Suzanne accepta l’offre obligeante de M. Toots, qui la conduisit chez lui. Elle fut reçue par la dame en question, qui justifia pleinement sa réputation, et par Coq-Hardi, qui d’abord supposa, en voyant une dame dans la voiture, que M. Dombey avait été plié en deux d’un bon coup dans l’estomac suivant son ancienne recommandation, et que miss Dombey avait été enlevée. Ce gentleman produisit sur miss Nipper un effet singulier. Comme il avait été vaincu par Larkey Boy, son visage était si meurtri, que décemment il n’était plus présentable en société. Coq-Hardi attribuait cette punition à une faute contre les règles de la boxe ; il s’était trop tôt jeté tête baissée sur son ennemi, ce qui avait donné au Larkey toute facilité pour lui allonger un coup de poing et lui pocher l’œil. Mais, d’après les bruits qui circulaient au sujet de cette lutte sérieuse, on disait que le Larkey avait eu le dessus tout d’abord ; que Coq-Hardi avait été grisé, qu’on lui avait fait boire de l’eau-de-vie, du genièvre, etc., etc., qu’il n’avait pas les jambes bien solides, et qu’après une complication de préparations imprudentes du même genre, il avait eu bientôt son compte.

Après un bon repas offert de bon cœur, Suzanne se rendit au bureau de la diligence dans une autre voiture ; M. Toots était à ses côtés comme auparavant, et Coq-Hardi sur le siège. Quoiqu’il fît un grand honneur à M. Toots et à Suzanne, par le renom que lui avait valu son héroïsme, physiquement parlant, il ne pouvait guère leur servir de décoration par ses emplâtres qui étaient nombreux ; Mais Coq-Hardi s’était juré en secret qu’il ne quitterait M. Toots qu’à une condition. Celui-ci soupirait avec ardeur après une séparation ; mais Coq-Hardi ne voulait pas le lâcher avant d’avoir obtenu qu’il le mît en possession d’un fonds de cabaret, à titre d’indemnité. Dans l’espoir de mieux arriver à ses fins et de s’enivrer à mort le plus tôt possible, il faisait tout ce qu’il pouvait, par esprit de calcul, pour rendre à son patron sa société insupportable.

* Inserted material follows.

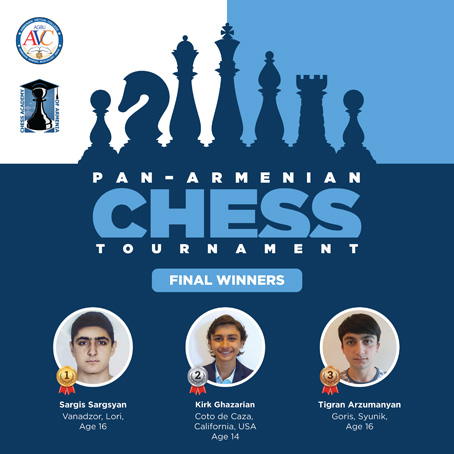 Among the finalists, Third Prize was taken by 16-year old Tigran Arzumanyan of Goris in Armenia’s Syunik province, Second Prize went to 14-year old Kirk Ghazarian of Coto de Caza, California, USA, and First Prize was awarded to Sargis Sargsyan of Vanadzor in Armenia’s Lori province. An official certificate was conferred upon each winner, signed by GM Smbat Lputian, the president of the Chess Academy of Armenia and Dr. Zorian, as president and founder of AVC. In addition, winners received valuable monetary rewards in the form of virtual gift cards.

La diligence qui devait emmener Suzanne allait partir. M. Toots, l’ayant casée dans l’intérieur, la regardait par la portière d’un air indécis jusqu’au moment où le cocher monta sur son siège. Alors, se posant sur le marchepied et introduisant dans l’intérieur une figure qui, à la lumière de la lampe, exprimait le trouble et l’agitation, il s’écria tout à coup :

« Dites donc, Suzanne ! miss Dombey, vous savez…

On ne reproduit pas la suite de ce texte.